Я теперь совсем один, понял Чапа, и эта мысль испугала его, как если бы вдруг оказалось, что он остался один-единственный на земле. Рядом не было лейтенанта, за спиной которого, оказывается, Чапе жилось безбедно. Рядом не было товарищей по роте. Ни с кем из них Чапа не дружил (исключением, как вы помните, был старшина; с остальными Чапа предпочитал держать дистанцию, хотя и не показывал этого; напротив — с каждым имитировал близость; это было у него в крови, от предков), но они были свои, Чапа мог на них рассчитывать; конечно — до какой-то черты. А теперь их не было. Никого. Он остался один. Сам себе командир и сам себе товарищ, сам и разведка, сам и основные силы…
Еще немного — и Чапа запаниковал бы, но что значит светлая голова! Он вдруг понял, что именно здесь произошло. Здесь не было боя, понял Чапа, потому что наши пошли вперед. В наступление. К границе. А может — уже и границу перешли…

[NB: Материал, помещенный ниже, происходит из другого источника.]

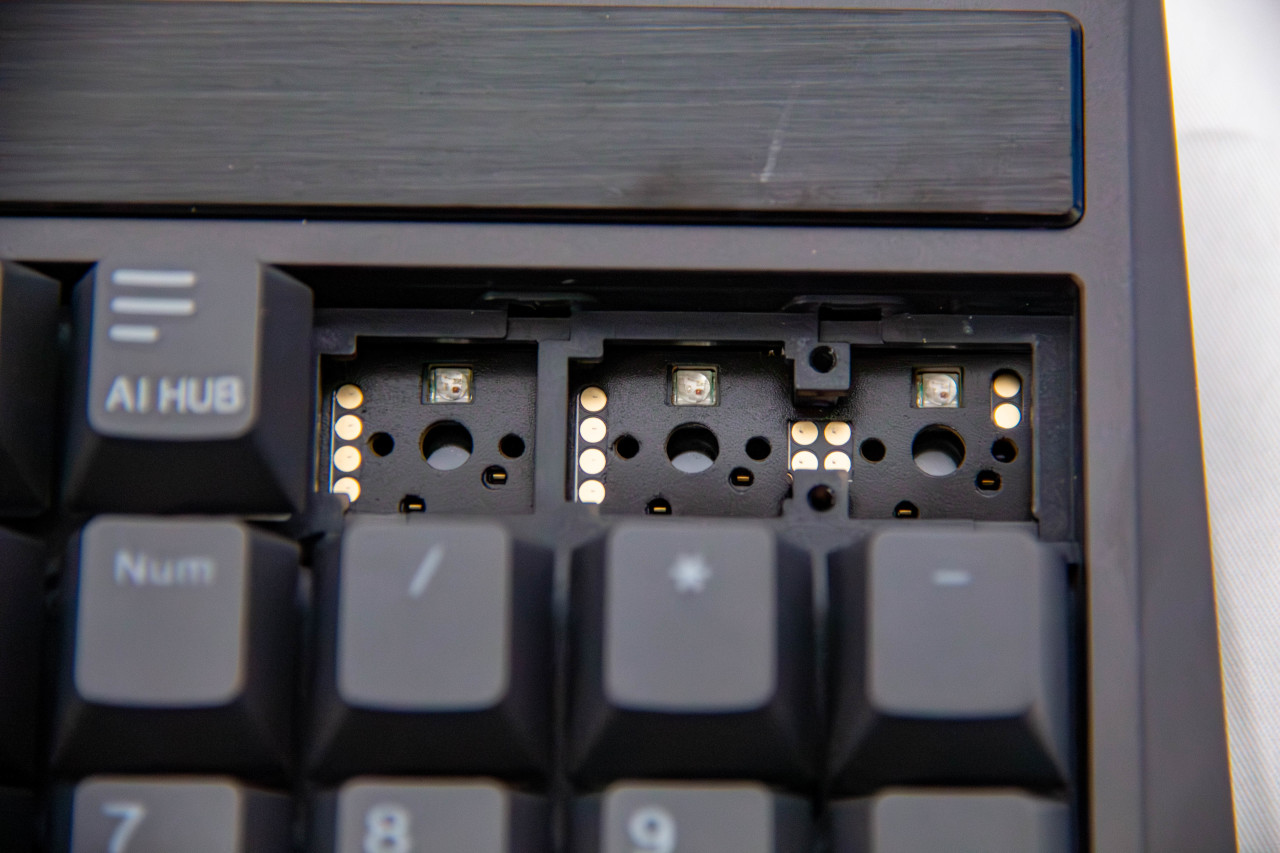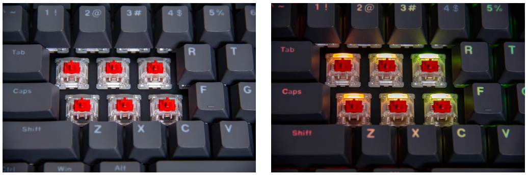 軸體方面,搭載Cherry新的 MX Lumin流明軸(我這把是紅軸),自帶獨立導光柱,燈光效果比傳統MX軸好太多,而且軸心穩定性也提升了。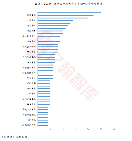 上半年,伟星置业在集中供地城市中参拍+摇号地块数量达到22宗,民营房企中仅次于龙湖集团,最终在南京、合肥、杭州获地4宗;杭州建杭置业参拍+摇号地块13宗,竞得3宗,广东天润置业集团、安徽邦泰参拍+摇号地块数分别为11宗、10宗,均有一宗地块获取。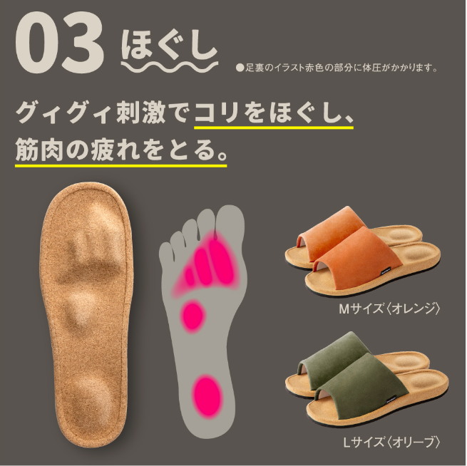 03のほぐしのfumippaは、足裏をグイグイと刺激し、凝り固まった筋肉をほぐし疲れをとるツボにアプローチする事ができます。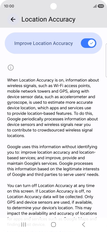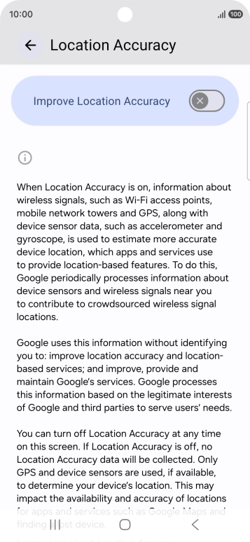 If you press the indicator next to "Improve Location Accuracy" to turn off the function, your phone can find your exact position using the GPS satellites but it may take longer as there is no access to supplementary information from the mobile network or nearby Wi-Fi networks.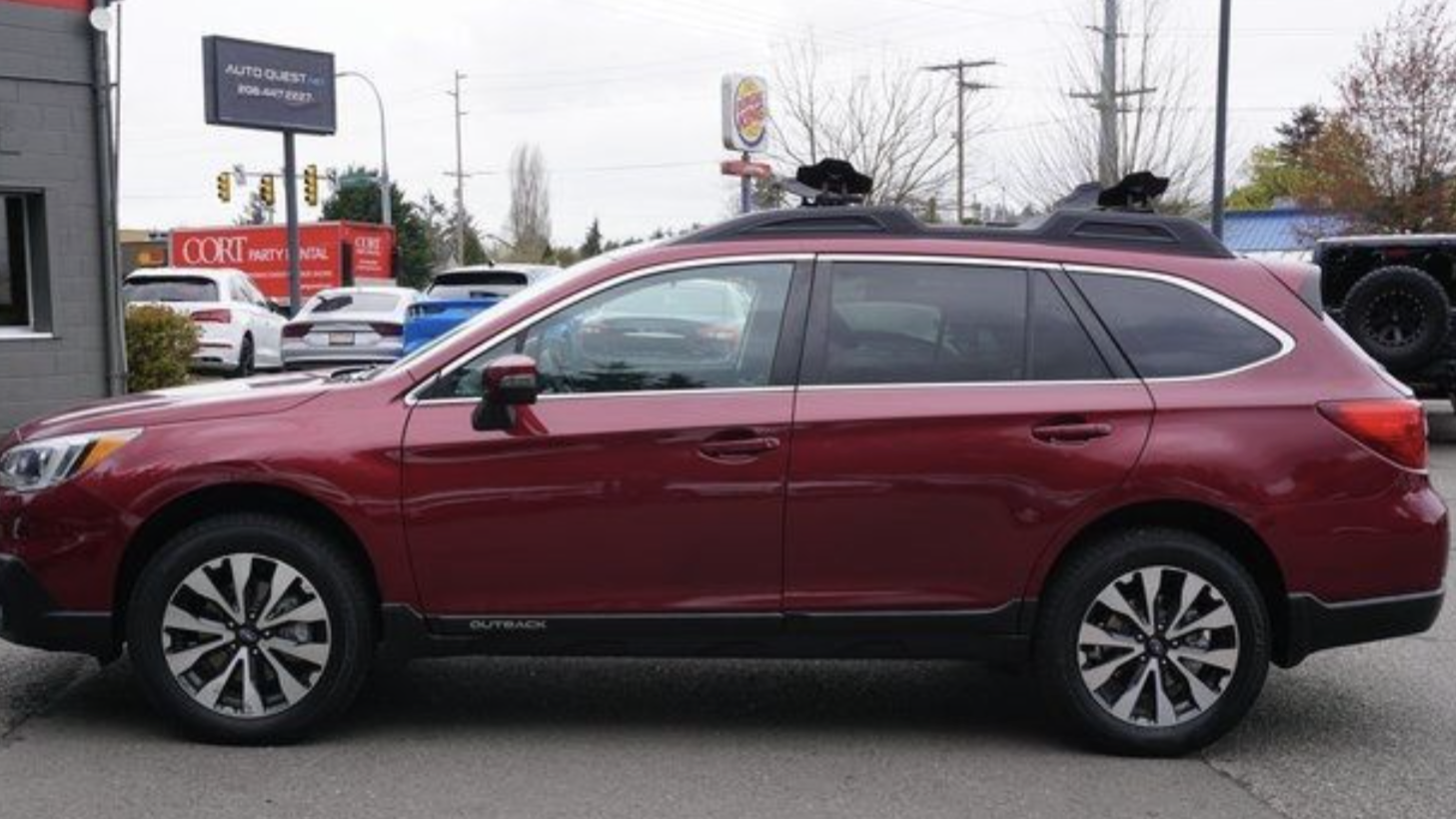 Here's a 2017 Subaru Outback Limited in Renton with just over 93,000 miles on it for a little less than $20,000. It's significantly newer than your wife's Sentra and includes all sorts of features that hers probably doesn't, such as heated front seats. You'll definitely appreciate those when Washington gets cold. And your dogs will appreciate not being as cramped as they would be in a Crosstrek.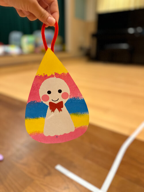 工作ではてるてる坊主型のティッシュに絵の具をつけて、ポンポンポン!思い思いの柄に仕上げた後、飾りつけをするととてもかわいい作品ができました。

Это меняло оценку ситуации принципиально. Одно дело — если вообще не понятно, что происходит, и совсем иное — если все очевидно. Наступление — это как переезд из старой хаты в новую. Никто не знает толком, что где лежит, каждый кладет на телегу по своему усмотрению, хозяйка мечется, хочет везде успеть — и только добавляет неразберихи; дети носятся, собака путается под ногами… Во время наступления кому интересен вестовой, пару часов назад посланный командиром — и по деревенской тупости потерявший свою часть? Да на меня просто никто не обратит внимания!
В общем — Чапа почти успокоился. Почему «почти»? Душа вдруг напомнила о себе. Что-то было не по ней. Как известно, любой ум при желании можно всегда уговорить, потому что ум доверяет логике и аргументам. Но с душой такие штуки не проходят. Душа живет своей жизнью; откуда она получает информацию — ей одной известно; без нужды она не вмешивается в твои дела, но уж если подала голос…
Чапа поерзал по земле, еще раз осмотрелся. Вокруг были мир и покой, но душу что-то не устраивало. Она пока только предупреждала об этом, но уже где-то рядом была тоска…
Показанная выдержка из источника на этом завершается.